Content starts

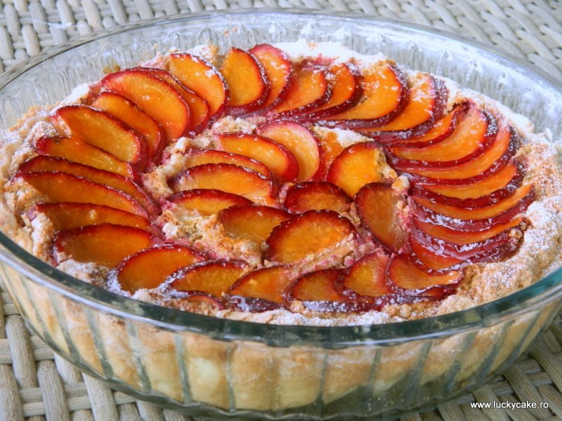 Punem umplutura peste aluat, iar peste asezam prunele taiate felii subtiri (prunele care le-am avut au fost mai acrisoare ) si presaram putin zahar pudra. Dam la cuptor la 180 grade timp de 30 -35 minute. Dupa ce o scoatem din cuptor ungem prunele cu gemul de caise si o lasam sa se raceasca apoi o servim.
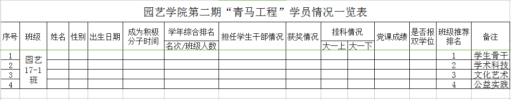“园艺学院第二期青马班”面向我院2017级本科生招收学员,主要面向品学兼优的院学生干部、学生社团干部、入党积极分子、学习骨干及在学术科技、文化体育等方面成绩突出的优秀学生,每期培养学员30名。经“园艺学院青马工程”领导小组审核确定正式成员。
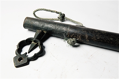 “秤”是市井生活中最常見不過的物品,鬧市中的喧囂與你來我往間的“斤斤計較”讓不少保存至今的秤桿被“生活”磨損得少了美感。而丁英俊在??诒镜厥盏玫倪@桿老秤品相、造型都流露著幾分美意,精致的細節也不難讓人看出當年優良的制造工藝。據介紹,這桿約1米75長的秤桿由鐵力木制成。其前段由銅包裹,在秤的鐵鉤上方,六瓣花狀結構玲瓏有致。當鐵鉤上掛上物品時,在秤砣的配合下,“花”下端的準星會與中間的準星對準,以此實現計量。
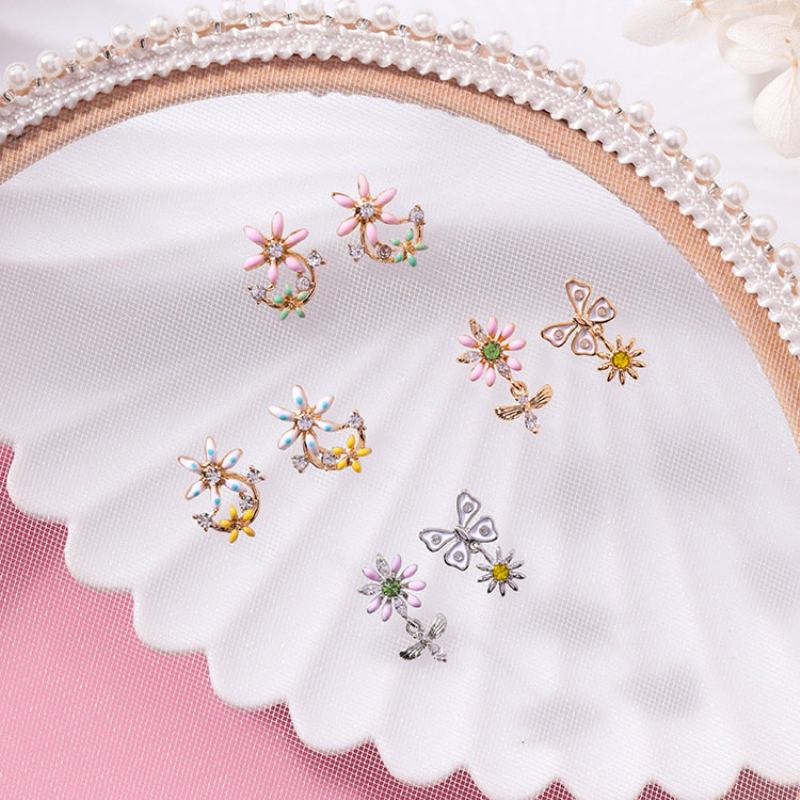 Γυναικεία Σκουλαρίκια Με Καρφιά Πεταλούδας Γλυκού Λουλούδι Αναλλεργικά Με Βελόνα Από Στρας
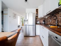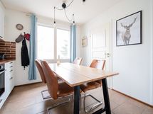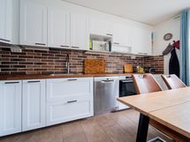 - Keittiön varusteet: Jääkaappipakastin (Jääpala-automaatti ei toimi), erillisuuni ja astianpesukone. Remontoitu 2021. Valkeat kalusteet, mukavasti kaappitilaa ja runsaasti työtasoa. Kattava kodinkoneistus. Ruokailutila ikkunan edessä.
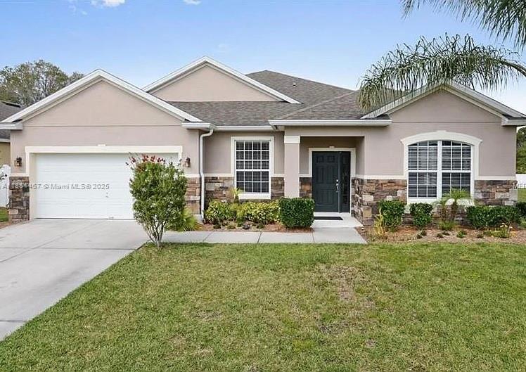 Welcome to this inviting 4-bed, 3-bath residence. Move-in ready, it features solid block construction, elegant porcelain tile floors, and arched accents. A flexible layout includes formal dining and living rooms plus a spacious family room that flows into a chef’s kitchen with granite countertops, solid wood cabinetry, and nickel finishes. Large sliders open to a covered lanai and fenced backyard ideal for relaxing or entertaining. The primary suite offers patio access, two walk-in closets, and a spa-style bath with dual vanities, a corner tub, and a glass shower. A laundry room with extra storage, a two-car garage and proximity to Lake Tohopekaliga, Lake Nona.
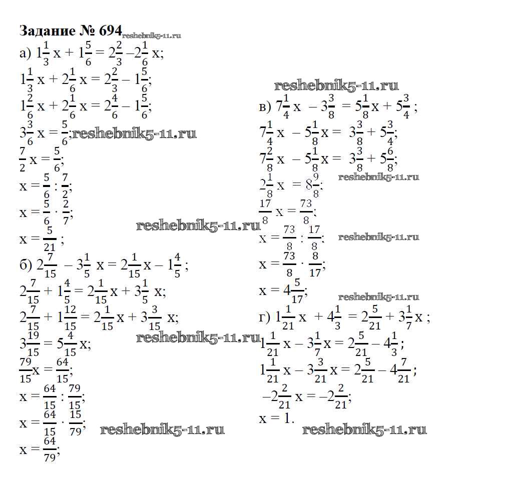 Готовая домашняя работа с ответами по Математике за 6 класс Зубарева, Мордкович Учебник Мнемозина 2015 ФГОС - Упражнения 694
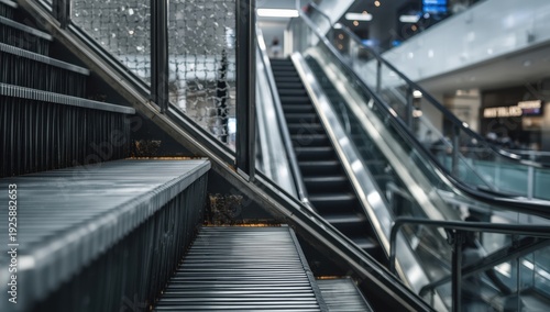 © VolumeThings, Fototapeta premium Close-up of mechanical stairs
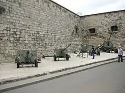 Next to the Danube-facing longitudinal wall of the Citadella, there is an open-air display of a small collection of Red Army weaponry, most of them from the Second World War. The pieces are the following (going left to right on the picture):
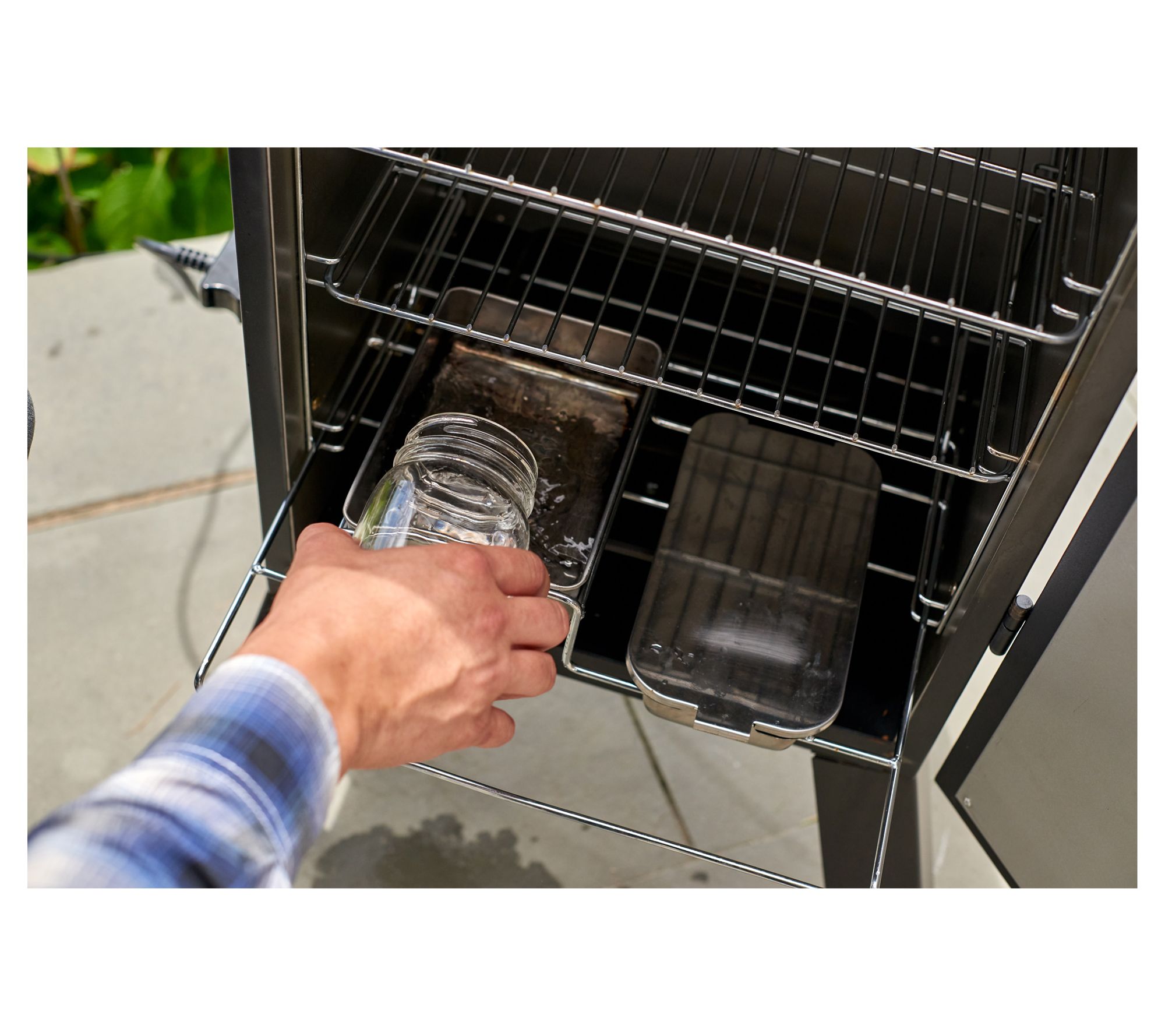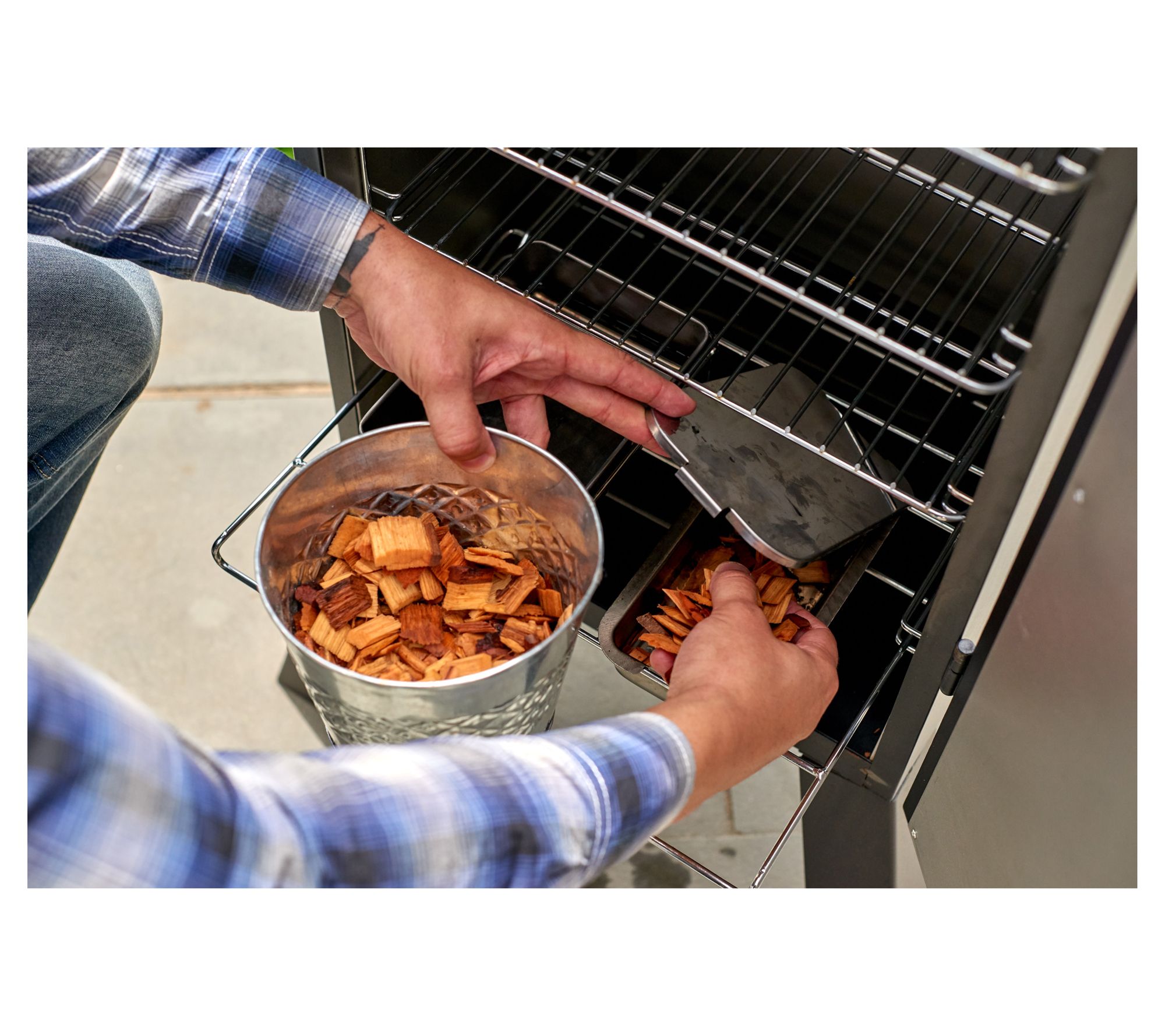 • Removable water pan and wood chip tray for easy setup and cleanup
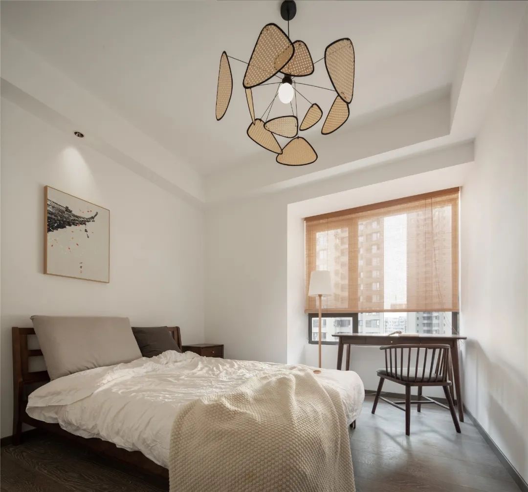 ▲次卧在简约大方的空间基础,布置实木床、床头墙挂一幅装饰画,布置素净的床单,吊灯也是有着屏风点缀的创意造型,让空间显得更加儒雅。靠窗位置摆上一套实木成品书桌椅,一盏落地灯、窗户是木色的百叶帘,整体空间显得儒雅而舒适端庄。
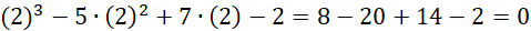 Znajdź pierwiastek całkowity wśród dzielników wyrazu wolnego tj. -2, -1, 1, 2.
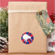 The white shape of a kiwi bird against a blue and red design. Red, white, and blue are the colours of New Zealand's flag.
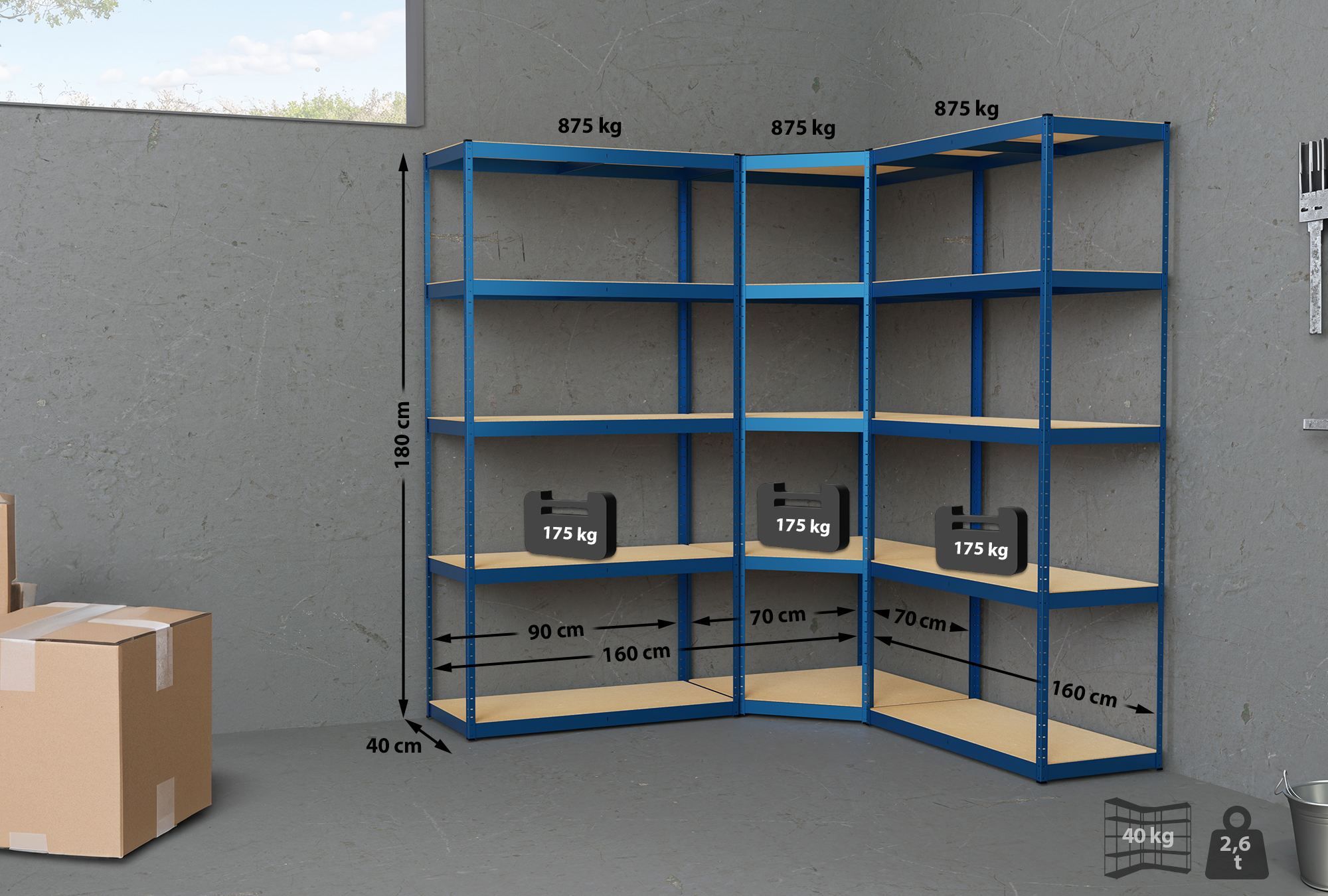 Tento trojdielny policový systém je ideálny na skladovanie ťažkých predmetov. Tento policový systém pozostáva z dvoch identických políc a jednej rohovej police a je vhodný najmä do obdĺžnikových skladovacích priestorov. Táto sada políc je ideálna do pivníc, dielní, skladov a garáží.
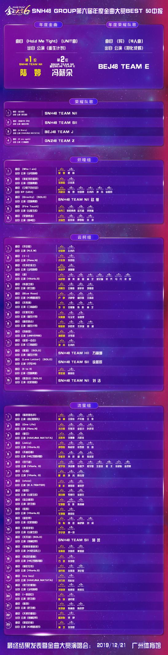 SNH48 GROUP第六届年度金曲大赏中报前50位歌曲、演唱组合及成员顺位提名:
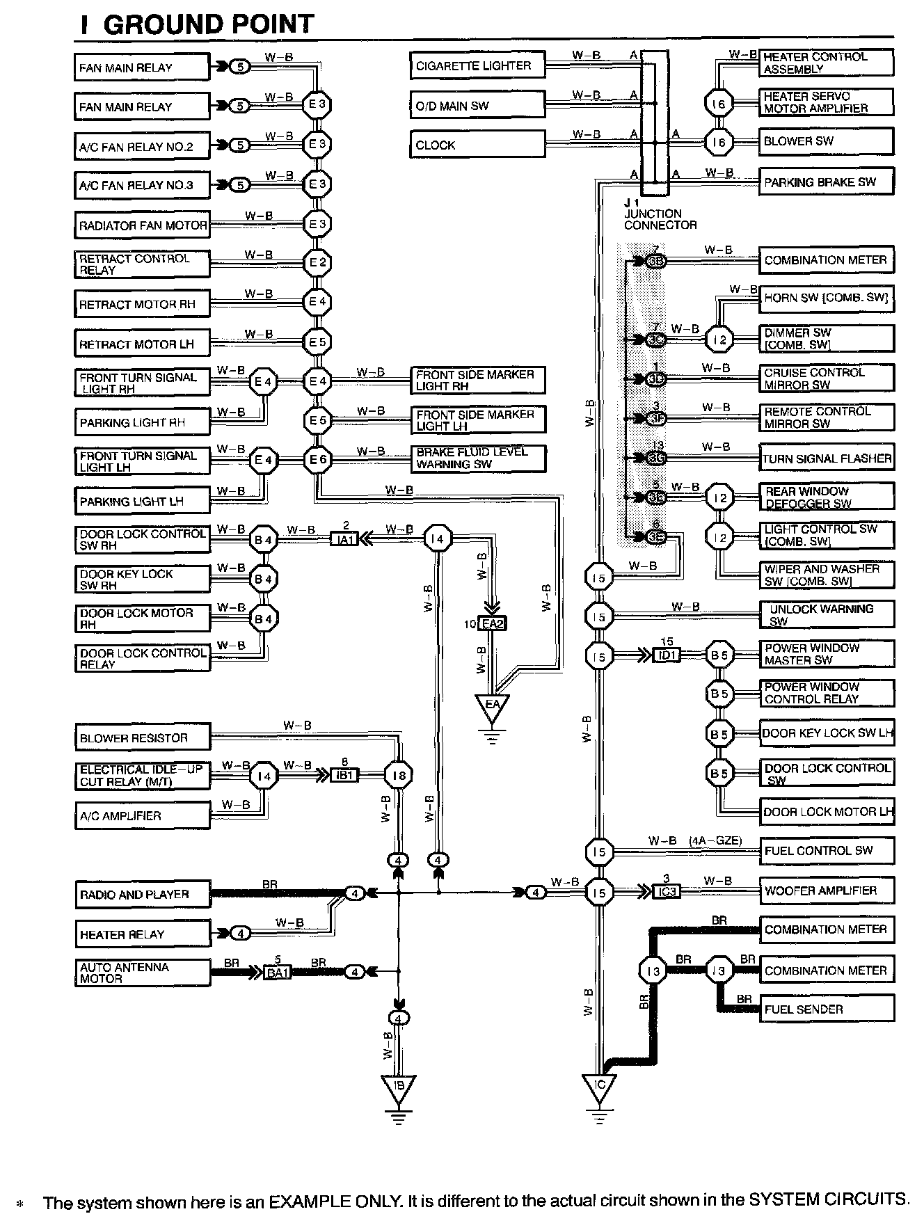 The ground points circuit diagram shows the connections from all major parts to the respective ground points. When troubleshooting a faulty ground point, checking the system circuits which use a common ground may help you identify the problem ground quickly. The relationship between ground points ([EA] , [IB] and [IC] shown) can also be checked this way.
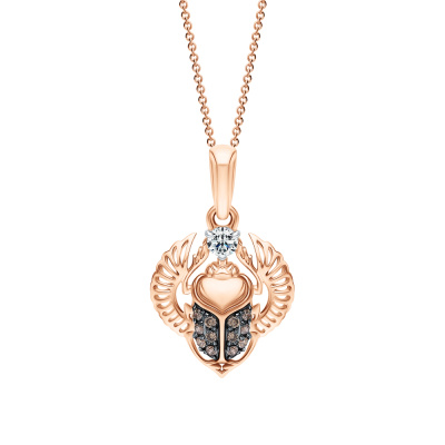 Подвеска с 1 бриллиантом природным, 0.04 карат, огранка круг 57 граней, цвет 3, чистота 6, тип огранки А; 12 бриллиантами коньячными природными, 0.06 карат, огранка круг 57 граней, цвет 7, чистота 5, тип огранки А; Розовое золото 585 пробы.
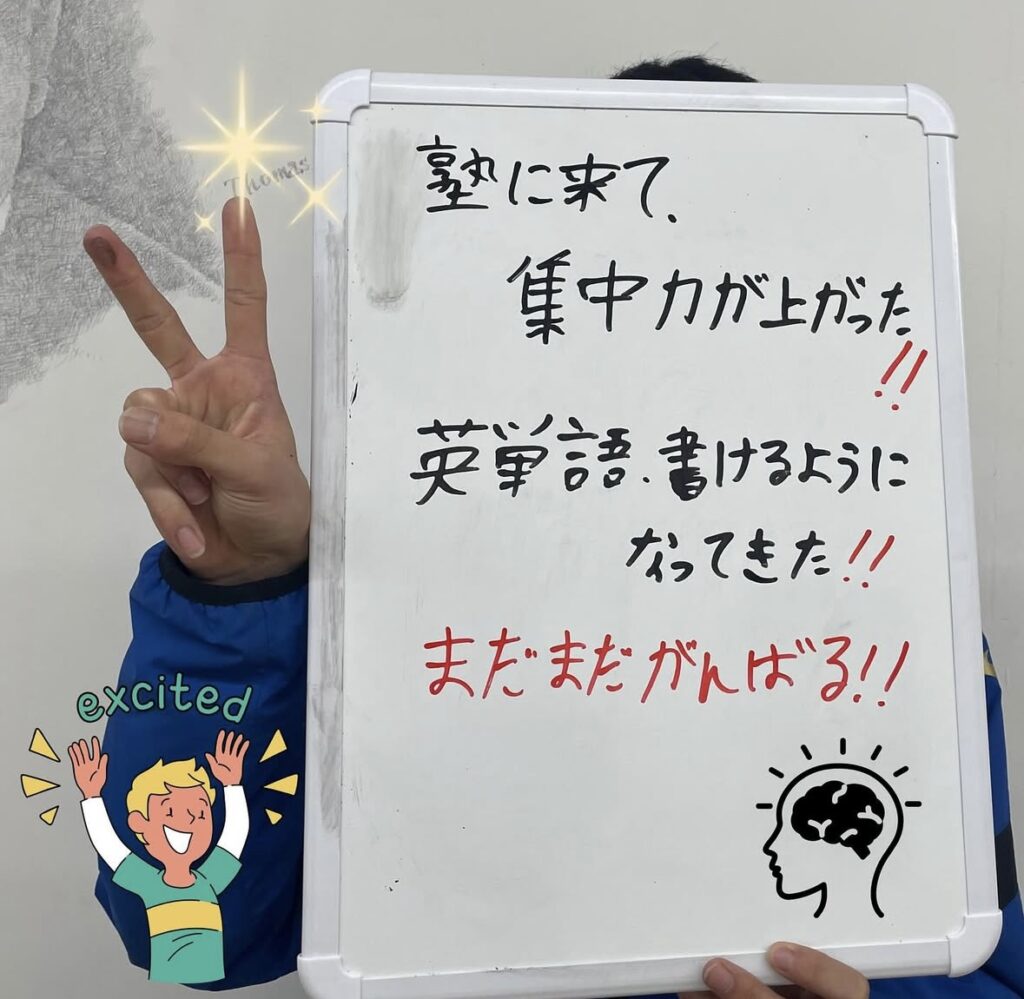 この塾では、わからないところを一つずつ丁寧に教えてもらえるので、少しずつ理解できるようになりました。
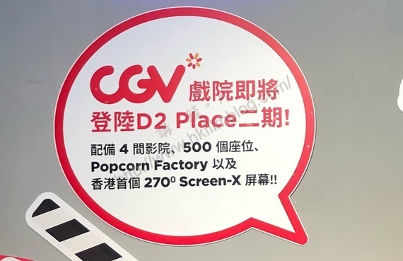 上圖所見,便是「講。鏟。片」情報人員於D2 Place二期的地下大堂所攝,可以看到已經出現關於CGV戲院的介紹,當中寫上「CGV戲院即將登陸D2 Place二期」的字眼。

Content ends

What you need to do: Transcribe exactly the line that contains "Подвеска с 1" and each line after it through the end of the listing. Leave out the pictures.

Task answer:
 Подвеска с 1 бриллиантом природным, 0.04 карат, огранка круг 57 граней, цвет 3, чистота 6, тип огранки А; 12 бриллиантами коньячными природными, 0.06 карат, огранка круг 57 граней, цвет 7, чистота 5, тип огранки А; Розовое золото 585 пробы.
 この塾では、わからないところを一つずつ丁寧に教えてもらえるので、少しずつ理解できるようになりました。
 上圖所見,便是「講。鏟。片」情報人員於D2 Place二期的地下大堂所攝,可以看到已經出現關於CGV戲院的介紹,當中寫上「CGV戲院即將登陸D2 Place二期」的字眼。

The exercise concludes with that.